Simon Willison’s latest posts tagged with artificial intelligence span hands-on experiments, product notes, and security analysis across the current wave of large language model tooling. A recurring theme is practical agentic coding: he highlights how Anthropic’s Claude Code answers questions about itself by fetching its own documentation via a dedicated index file, and he demonstrates how instructing it to use sub-agents can parallelize complex tasks against a codebase. He also documents where Claude Code logs are stored locally and how to extend their retention, and shares a workflow video where he vibe-codes a small utility using Claude Code for web.
Several entries focus on Anthropic’s expanding stack. Willison previews and evaluates Claude Code for web as an asynchronous coding agent, and he explores the newly introduced Claude Skills pattern for packaging model abilities. He covers the release of Claude Haiku 4.5, noting its support for reasoning, a 200,000 token context window, higher maximum output, and a February 2025 knowledge cutoff. He cites the system card’s description of training interventions that make the model more context-aware, helping it avoid stopping prematurely and reducing agentic laziness. Alongside tooling, he spotlights Anthropic’s interpretability research that finds cross-modal features for visual concepts shared between ASCII art, SVG, and text, and shows how identified features can be negatively or positively steered to change generated imagery.

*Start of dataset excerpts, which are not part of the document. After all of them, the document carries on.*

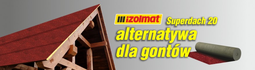 Papa wierzchniego krycia IZOLMAT Superdach 20 przeznaczona jest na dachy skośne o drewnianym podłożu. Zapewnia szczelne pokrycie już w jednej warstwie, przez co jest łatwa i szybka w montażu.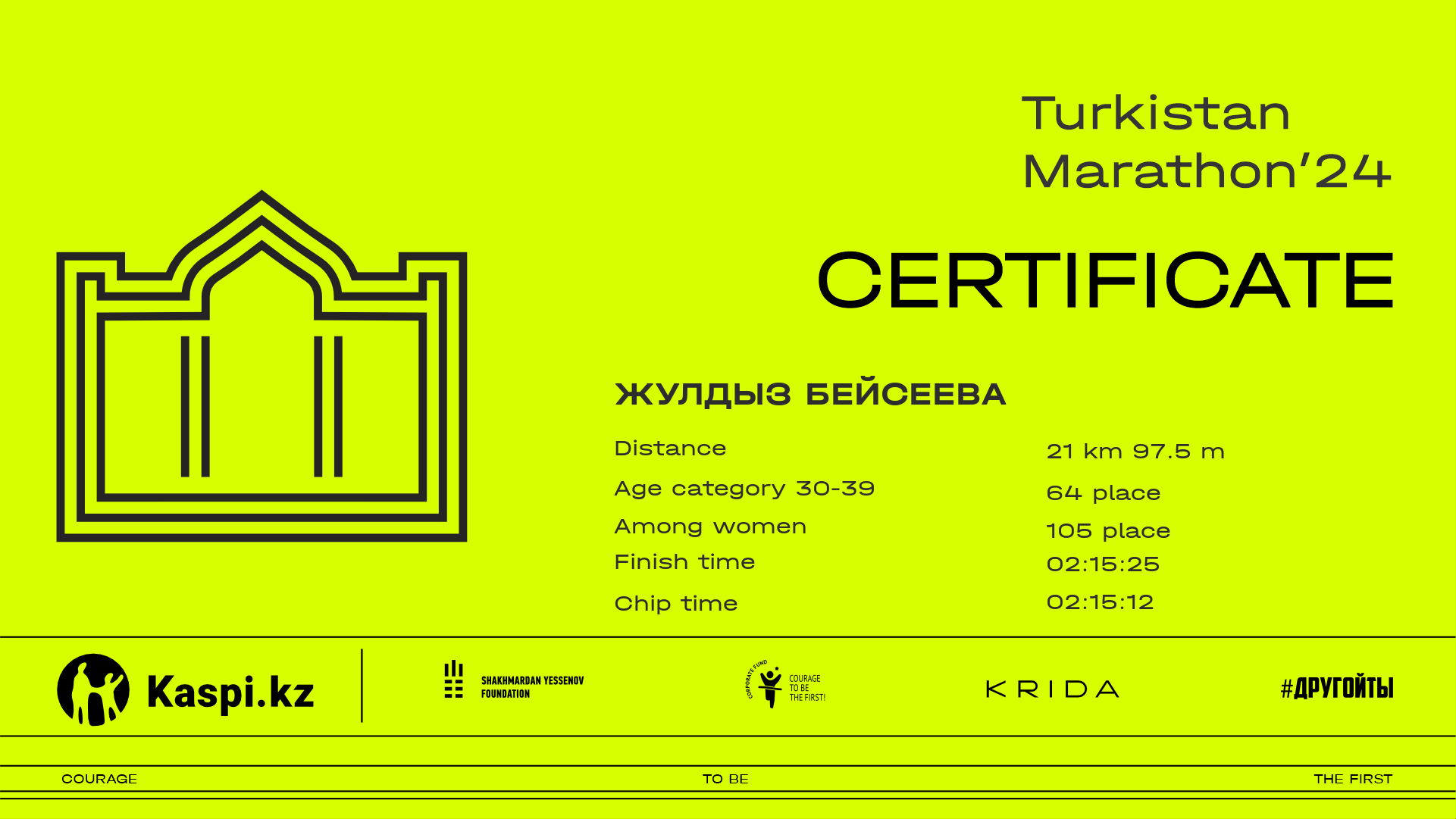 | 461 | Жулдыз Бейсеева | ![]() | Алматы | 579 | 00:30:01 | 01:04:48 | 01:40:15 | 02:15:25 | 02:15:12 | Download |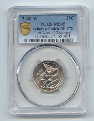 2020-W カンザス州トールグラス・プレーリー、V75 ウェストポイント、PCGS MS-65、初週ディスカバリー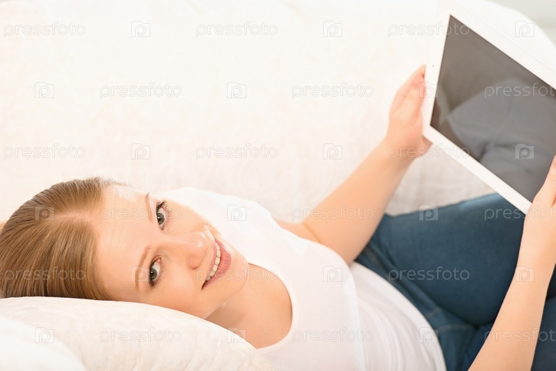 Женщина отдыхает дома с планшетным компьютером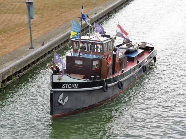 Storm , 19,43 x 4,80 x 2,00 , Bouwjaar 1909 , Werf van der Schuyt in Papendrecht ( Nederland ) , 235 pk Stork , ex Unser Fritz , ex IJsselmeer , ex Beran , ex Benny , ex Jetty , ex Immanuel , ex Zephyrus , ex Orion , ex Trijnko II , ex Martin , ex Ronald , ex Brizo , ex Ferna , eigenaar ? in ? , ENI 02014618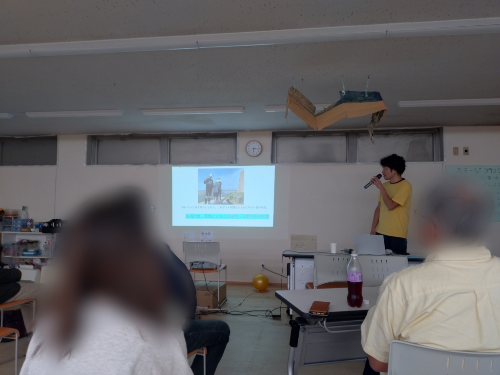 特に胸を打たれたのは、かけはし卒業生による居場所づくり「リスポーン」の設立と、その活動報告です。もじゃ君こと廣瀬貴樹さんをはじめ、卒業生たちが、かけはしでの経験を活かし、生き生きと地域で活躍している姿に、本当に感動しました!(以下は熱のこもったプレゼンテーションの様子です!)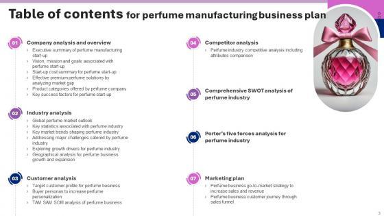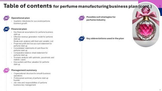 Take advantage of this well-researched and professionally-designed Perfume Manufacturing Business Plan Powerpoint Presentation Slides BP V to ace your next business meeting. Use this PPT complete deck to impress the management with your ideas for business growth and revenue increase. Use the seventy five slide Template Bundle to leave no stone unturned as you present each step of your process. Employ the visual tools within the slides such as graphs, charts, and tables to ensure that the audience can never look away from the presentation. With attractive visuals, easy to understand structure, and your knowledge, your presentation will have the attention it deserves. Download this PPT Template from the link below. Our Perfume Manufacturing Business Plan Powerpoint Presentation Slides BP V are topically designed to provide an attractive backdrop to any subject. Use them to look like a presentation pro.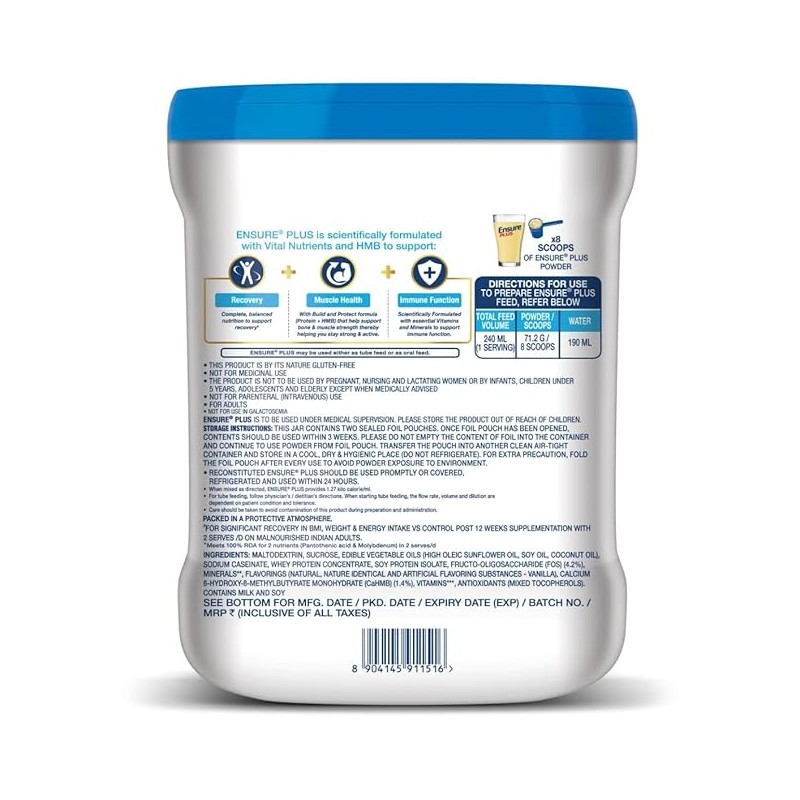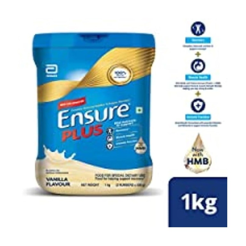 Ensure Plus Vanilla Powder is a scientifically formulated health supplement that provides balanced nutrition with vital nutrients to support recovery, muscle health, and immune function. It is made with more than 28 vital nutrients, vitamins, minerals, and HMB to support special dietary requirements for recovery.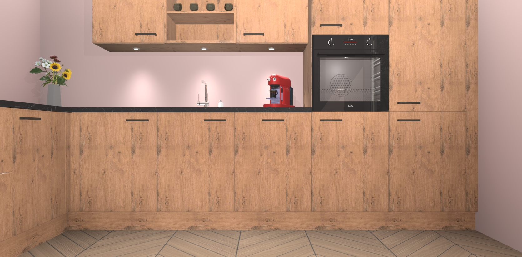 Inclusief plinten, stelpoten en werkblad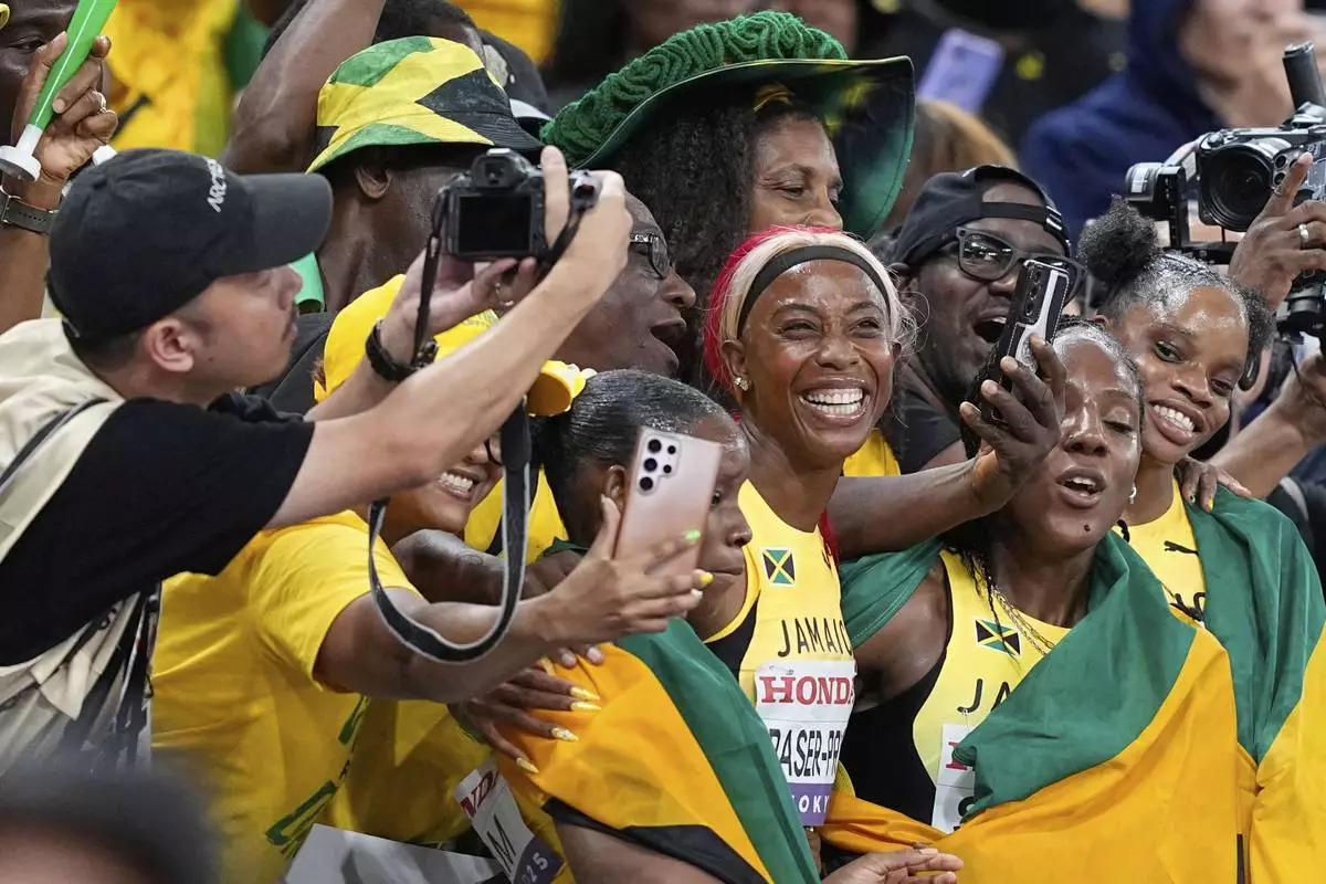 Jamaica's Shelly-Ann Fraser-Pryce and her teammates celebrate with supporters after taking the silver in the women's 4 X 100 meters relay final at the World Athletics Championships in Tokyo, Sunday, Sept. 21, 2025. (AP Photo/Petr David Josek)

Willison gives detailed attention to browser agents and security. He tests OpenAI’s ChatGPT Atlas, a Mac-only browser that adds chat context from pages, a user-controlled browser memories feature, and an agent mode with clearly stated boundaries and ARIA guidance for site authors. He remains skeptical about the safety of browser automation and calls for deep explanations of defenses against prompt injection, later linking to a follow-up by OpenAI’s chief information security officer addressing Atlas risks. Complementing that, he summarizes new research from Brave demonstrating “unseeable” prompt injections in screenshots and text-triggered exfiltration in competing agentic browsers, and he cites commentary arguing that prompt injection may be fundamentally hard to solve in current systems.
Beyond agents, he logs numerous project-driven notes. Highlights include porting the classic SLOCCount tool to WebAssembly using WebPerl and Emscripten, brute-forcing a setup to run DeepSeek-OCR on an NVIDIA Spark with Claude Code’s help, and trying OpenAI’s deep research model while building a viewer for Responses API traces. He also tracks a legal update relieving OpenAI from preserving all ChatGPT outputs in an ongoing case with specific exceptions. Across the posts, Willison combines critical security scrutiny with pragmatic engineering, emphasizing concrete workflows that make today’s models more reliably useful.